◆ Work to complete ◆
Repeat the records below exactly from the line containing "NETEC是在國內(nèi)" to the line containing "Shortlisting is only", taking in both of those lines. Drop the pictures.

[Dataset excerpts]
• • • •

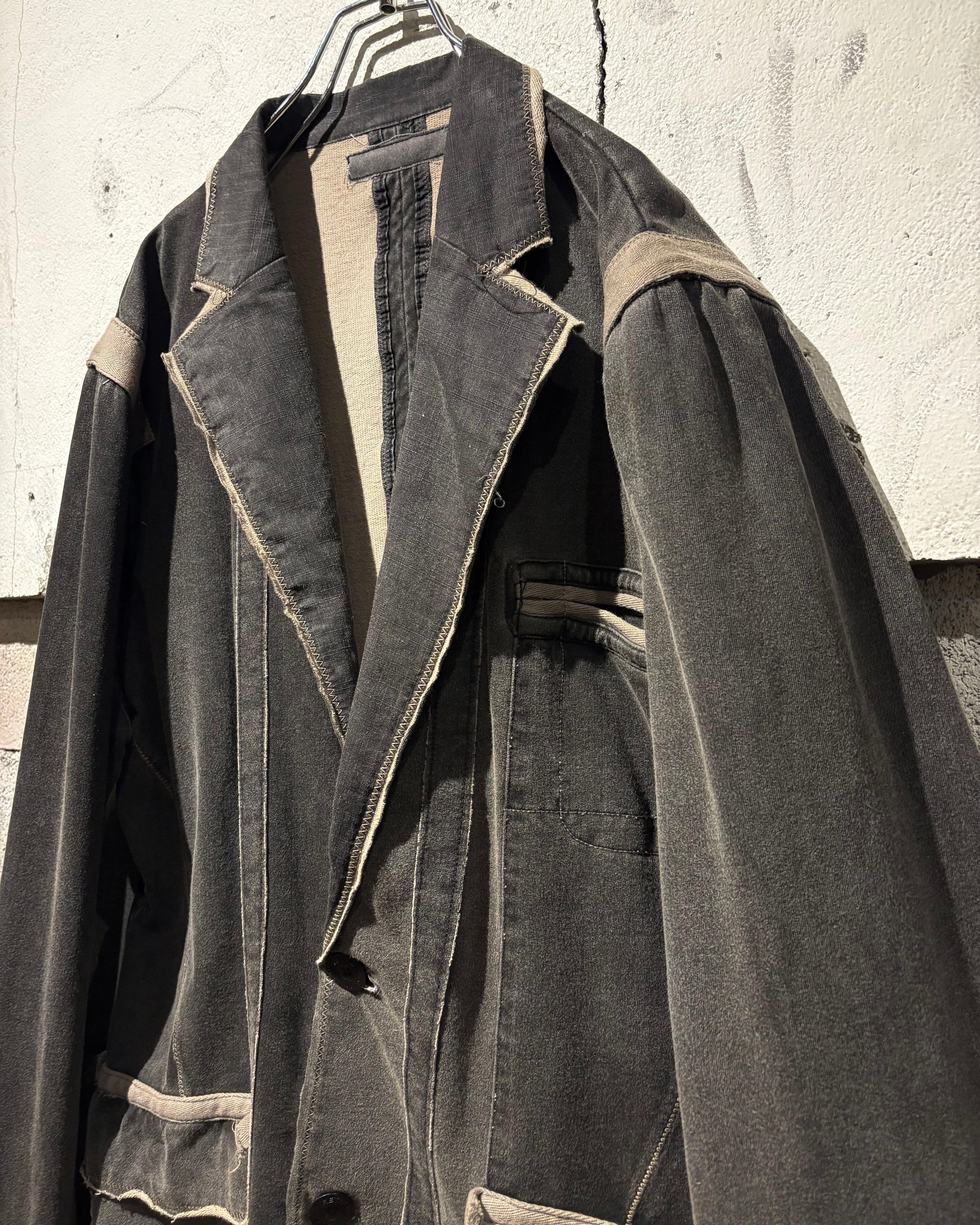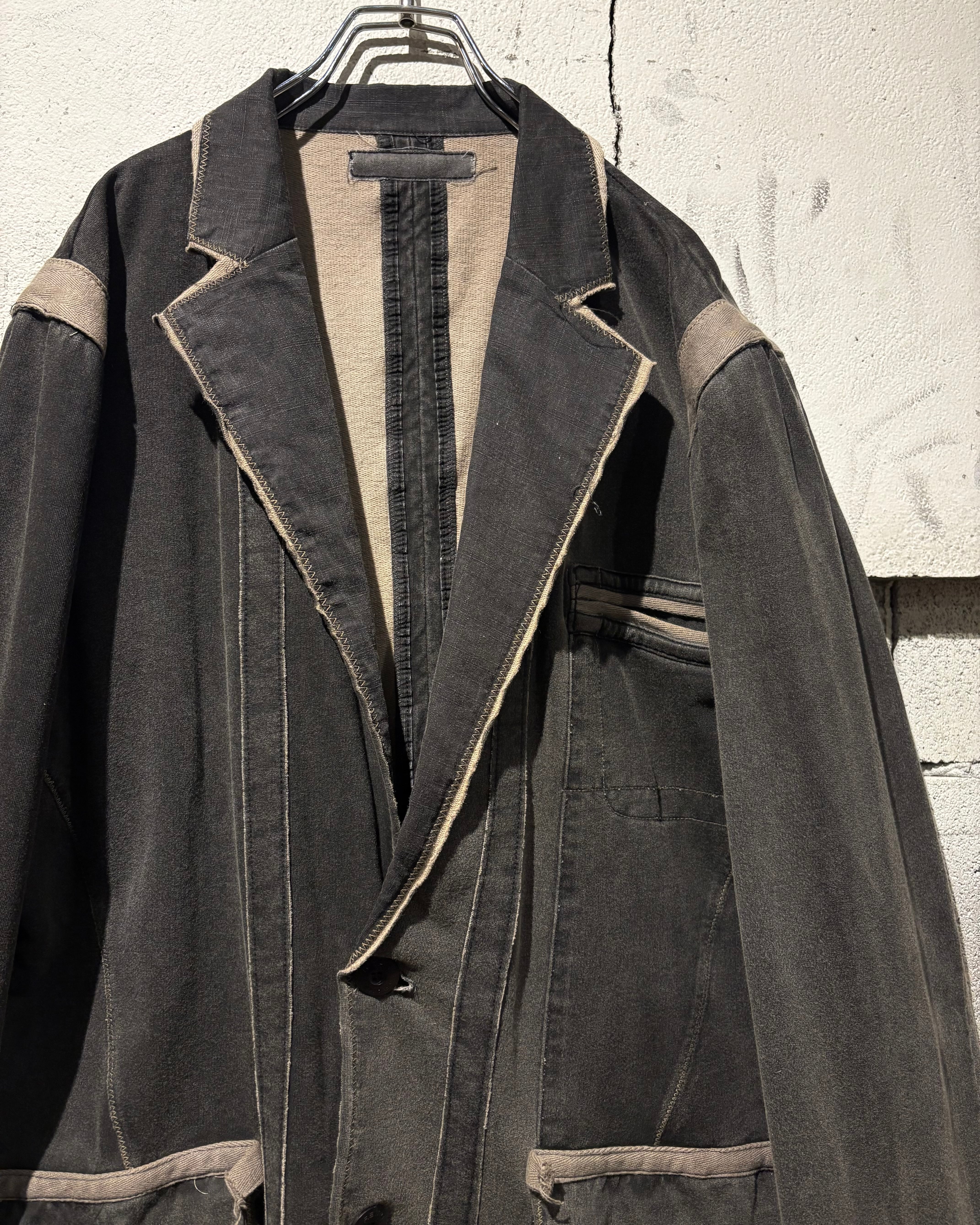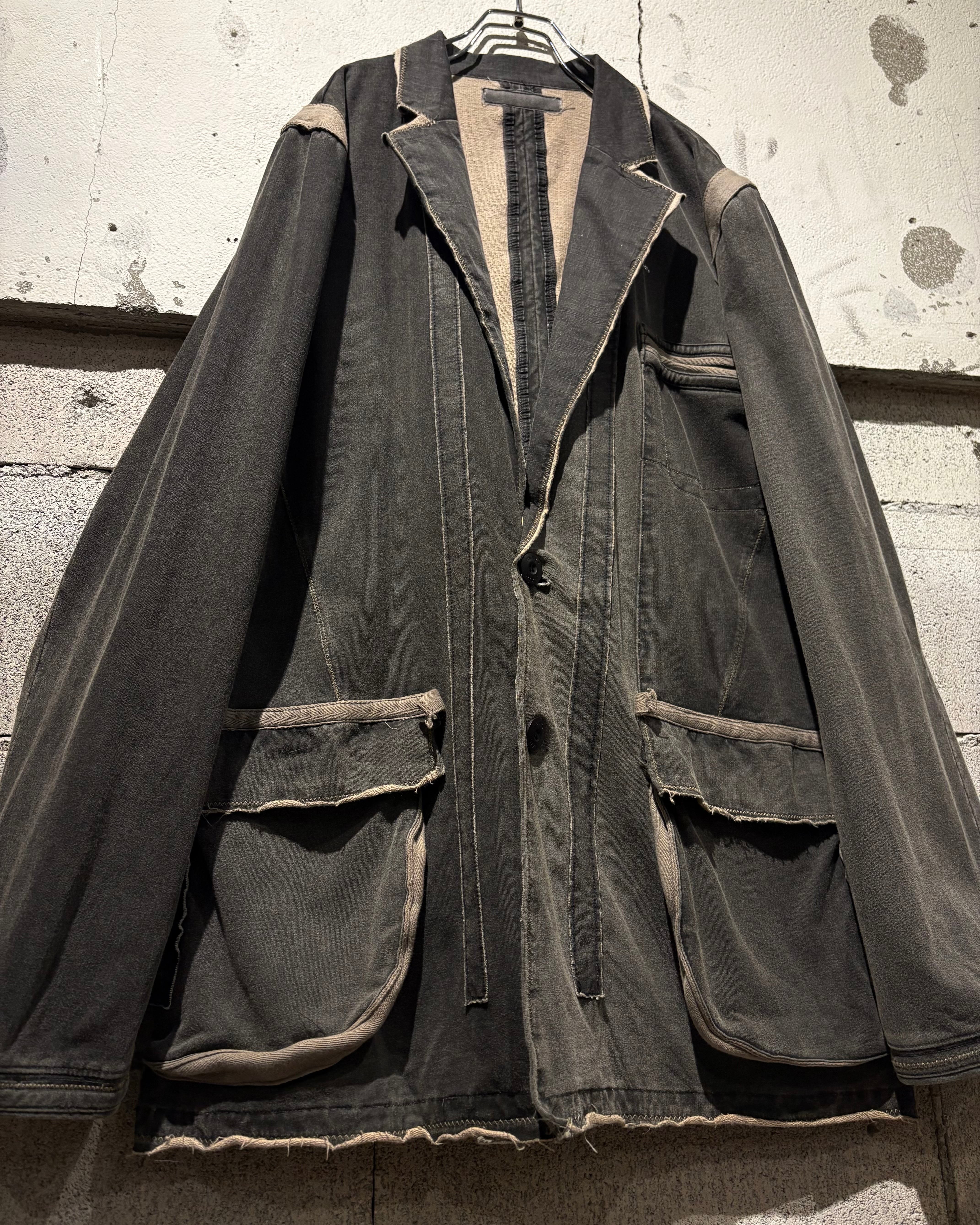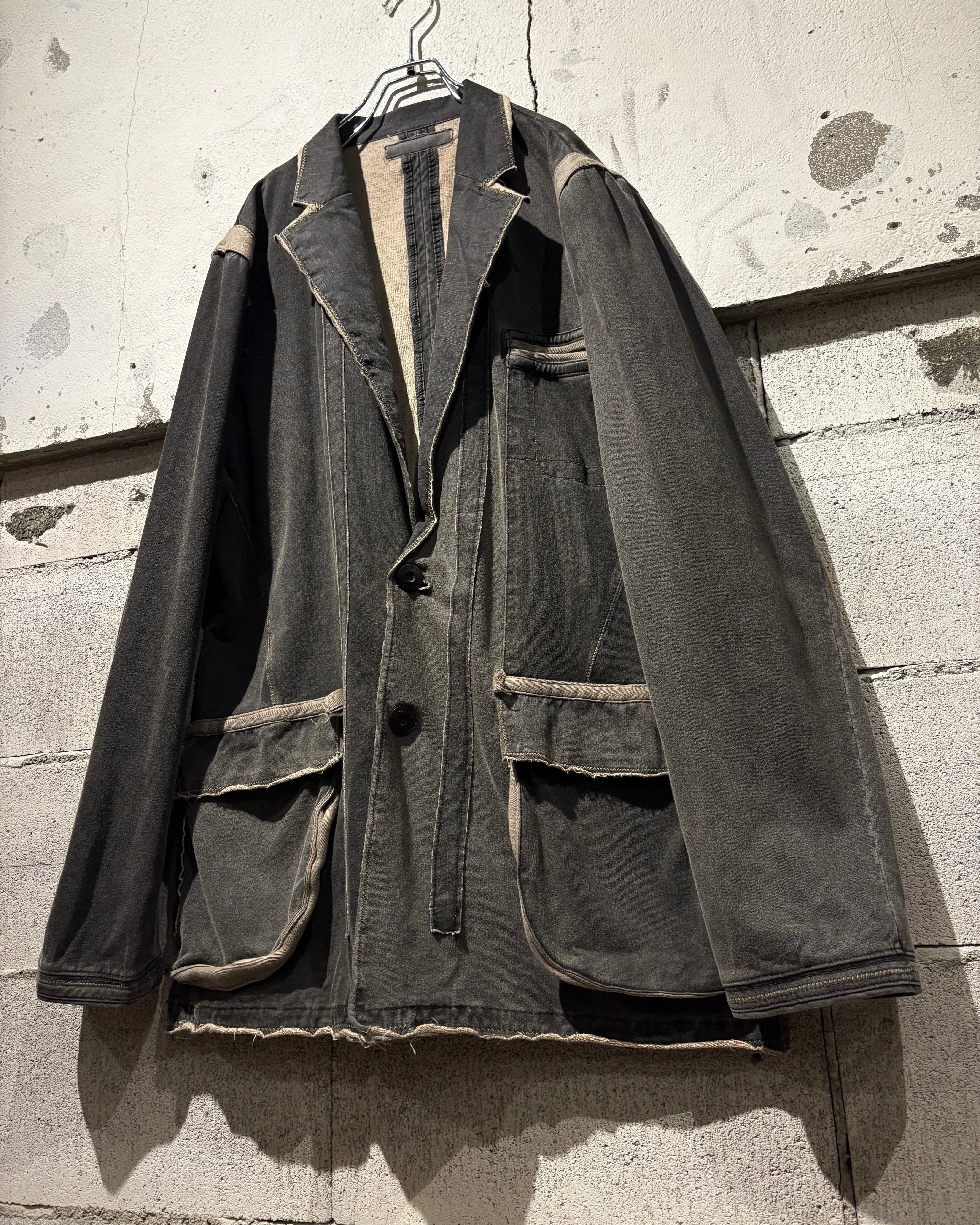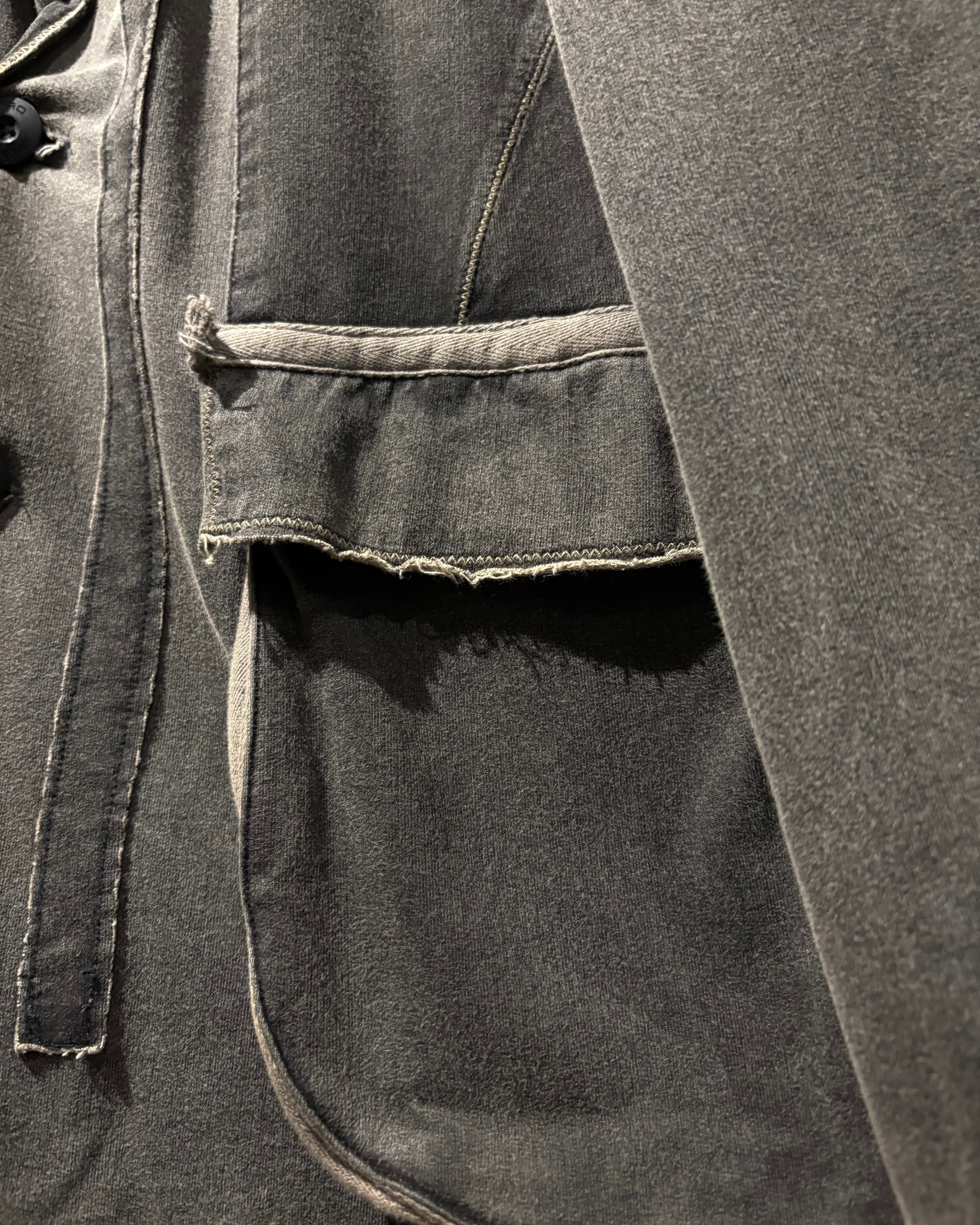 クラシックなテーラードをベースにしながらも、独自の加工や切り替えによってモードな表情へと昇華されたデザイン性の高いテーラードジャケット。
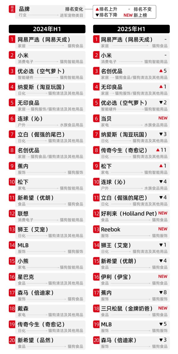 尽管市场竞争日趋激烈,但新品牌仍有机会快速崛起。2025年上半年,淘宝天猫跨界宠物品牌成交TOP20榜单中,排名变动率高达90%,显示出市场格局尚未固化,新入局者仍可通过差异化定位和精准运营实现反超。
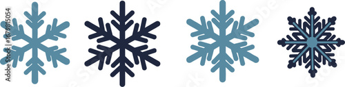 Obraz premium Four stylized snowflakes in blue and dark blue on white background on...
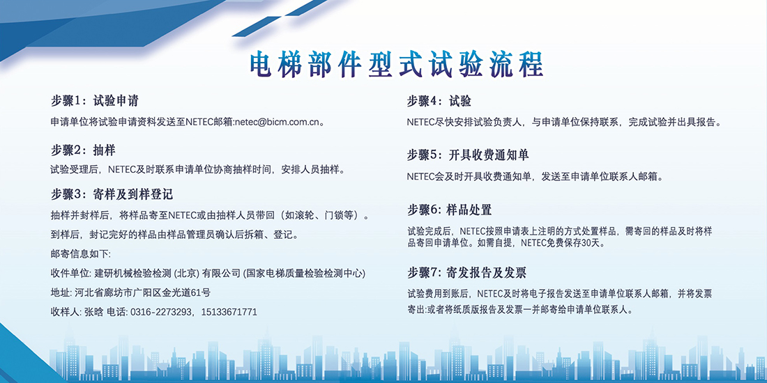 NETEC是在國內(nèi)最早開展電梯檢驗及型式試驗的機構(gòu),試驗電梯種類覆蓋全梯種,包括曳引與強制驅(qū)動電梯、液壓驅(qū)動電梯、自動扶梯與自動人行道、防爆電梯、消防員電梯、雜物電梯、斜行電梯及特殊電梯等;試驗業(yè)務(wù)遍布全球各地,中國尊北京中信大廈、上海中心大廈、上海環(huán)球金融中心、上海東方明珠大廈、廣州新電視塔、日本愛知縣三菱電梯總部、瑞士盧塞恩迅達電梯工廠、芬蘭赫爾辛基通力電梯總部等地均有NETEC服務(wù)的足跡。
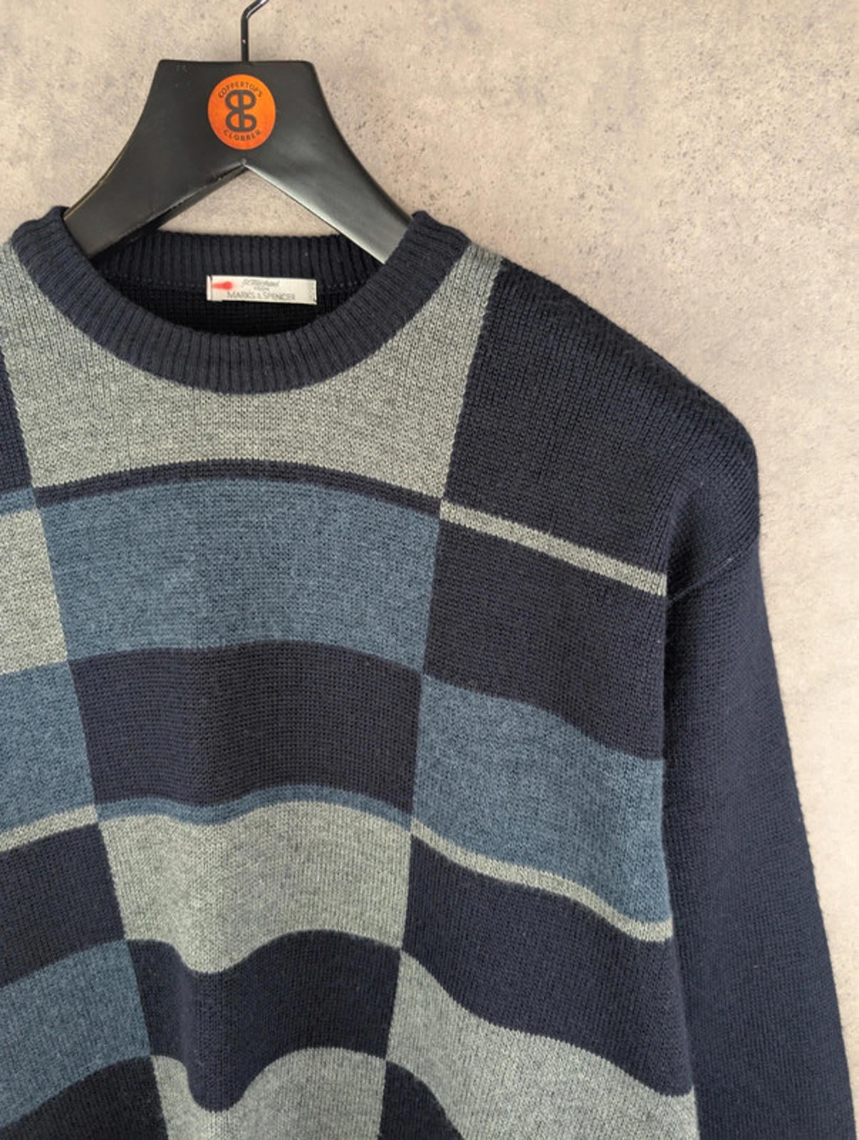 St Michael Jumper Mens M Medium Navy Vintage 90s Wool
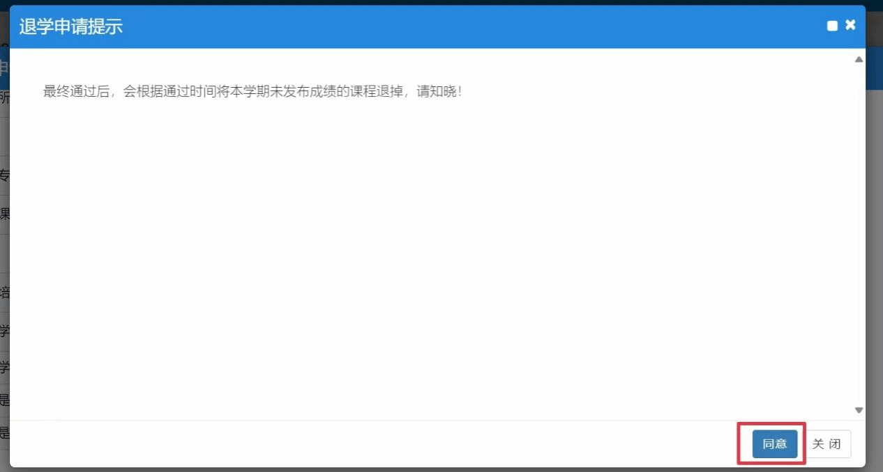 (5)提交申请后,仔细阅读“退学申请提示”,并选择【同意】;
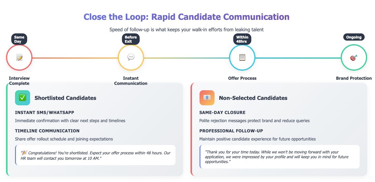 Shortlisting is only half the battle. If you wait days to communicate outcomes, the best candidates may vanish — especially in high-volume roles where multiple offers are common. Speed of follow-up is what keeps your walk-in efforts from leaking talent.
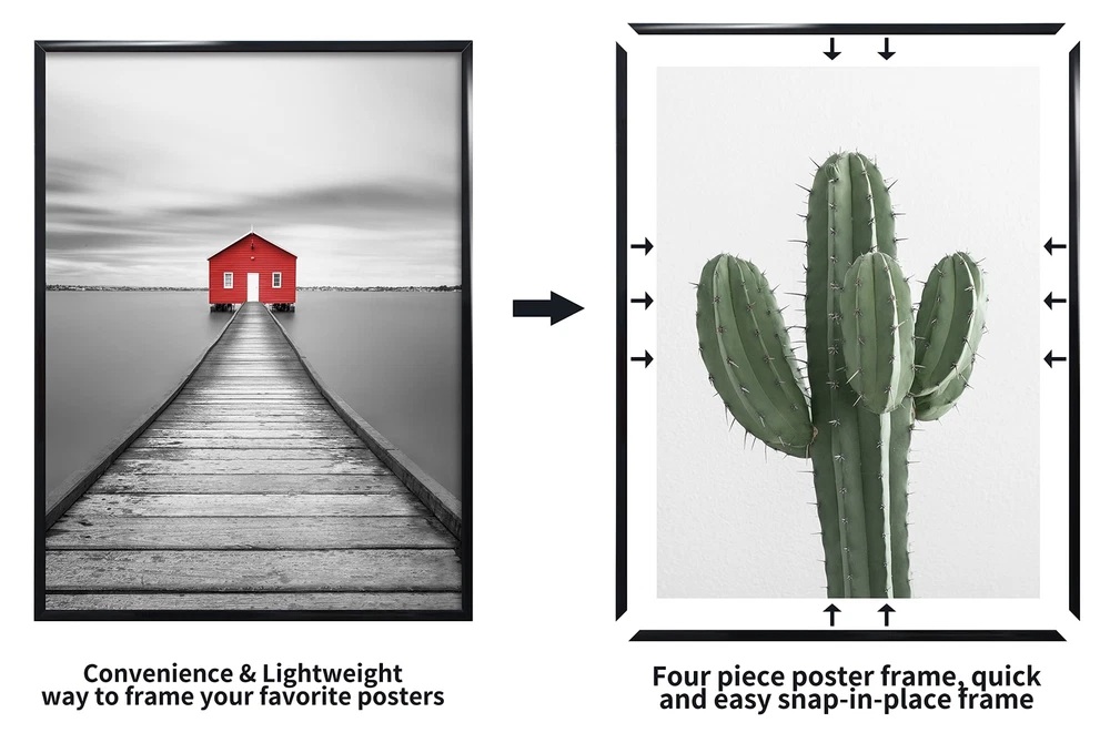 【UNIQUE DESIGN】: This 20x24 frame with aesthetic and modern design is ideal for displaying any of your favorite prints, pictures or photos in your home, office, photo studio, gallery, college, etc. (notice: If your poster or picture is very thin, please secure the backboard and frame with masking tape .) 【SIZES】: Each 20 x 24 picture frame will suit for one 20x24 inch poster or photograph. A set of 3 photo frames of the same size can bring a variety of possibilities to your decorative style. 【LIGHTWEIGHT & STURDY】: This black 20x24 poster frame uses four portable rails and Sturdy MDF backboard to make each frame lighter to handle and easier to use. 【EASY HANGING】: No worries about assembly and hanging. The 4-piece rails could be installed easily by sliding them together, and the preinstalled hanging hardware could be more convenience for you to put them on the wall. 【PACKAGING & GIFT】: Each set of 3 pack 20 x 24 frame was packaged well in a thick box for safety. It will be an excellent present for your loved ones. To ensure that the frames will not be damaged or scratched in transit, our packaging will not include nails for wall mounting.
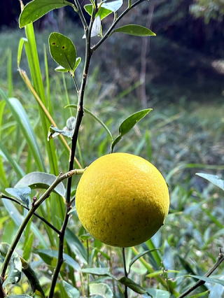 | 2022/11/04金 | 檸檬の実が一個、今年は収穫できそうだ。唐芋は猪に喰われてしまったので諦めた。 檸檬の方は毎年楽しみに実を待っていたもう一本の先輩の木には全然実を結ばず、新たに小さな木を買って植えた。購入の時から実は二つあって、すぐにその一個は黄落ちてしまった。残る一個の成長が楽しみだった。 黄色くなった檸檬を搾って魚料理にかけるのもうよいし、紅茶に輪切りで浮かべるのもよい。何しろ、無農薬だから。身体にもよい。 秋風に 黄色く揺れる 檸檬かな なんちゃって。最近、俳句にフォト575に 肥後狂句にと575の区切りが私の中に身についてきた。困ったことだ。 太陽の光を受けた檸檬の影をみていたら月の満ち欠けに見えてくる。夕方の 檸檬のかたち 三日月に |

• • • •

◆ Exercise response ◆
 NETEC是在國內(nèi)最早開展電梯檢驗及型式試驗的機構(gòu),試驗電梯種類覆蓋全梯種,包括曳引與強制驅(qū)動電梯、液壓驅(qū)動電梯、自動扶梯與自動人行道、防爆電梯、消防員電梯、雜物電梯、斜行電梯及特殊電梯等;試驗業(yè)務(wù)遍布全球各地,中國尊北京中信大廈、上海中心大廈、上海環(huán)球金融中心、上海東方明珠大廈、廣州新電視塔、日本愛知縣三菱電梯總部、瑞士盧塞恩迅達電梯工廠、芬蘭赫爾辛基通力電梯總部等地均有NETEC服務(wù)的足跡。
 St Michael Jumper Mens M Medium Navy Vintage 90s Wool
 (5)提交申请后,仔细阅读“退学申请提示”,并选择【同意】;
 Shortlisting is only half the battle. If you wait days to communicate outcomes, the best candidates may vanish — especially in high-volume roles where multiple offers are common. Speed of follow-up is what keeps your walk-in efforts from leaking talent.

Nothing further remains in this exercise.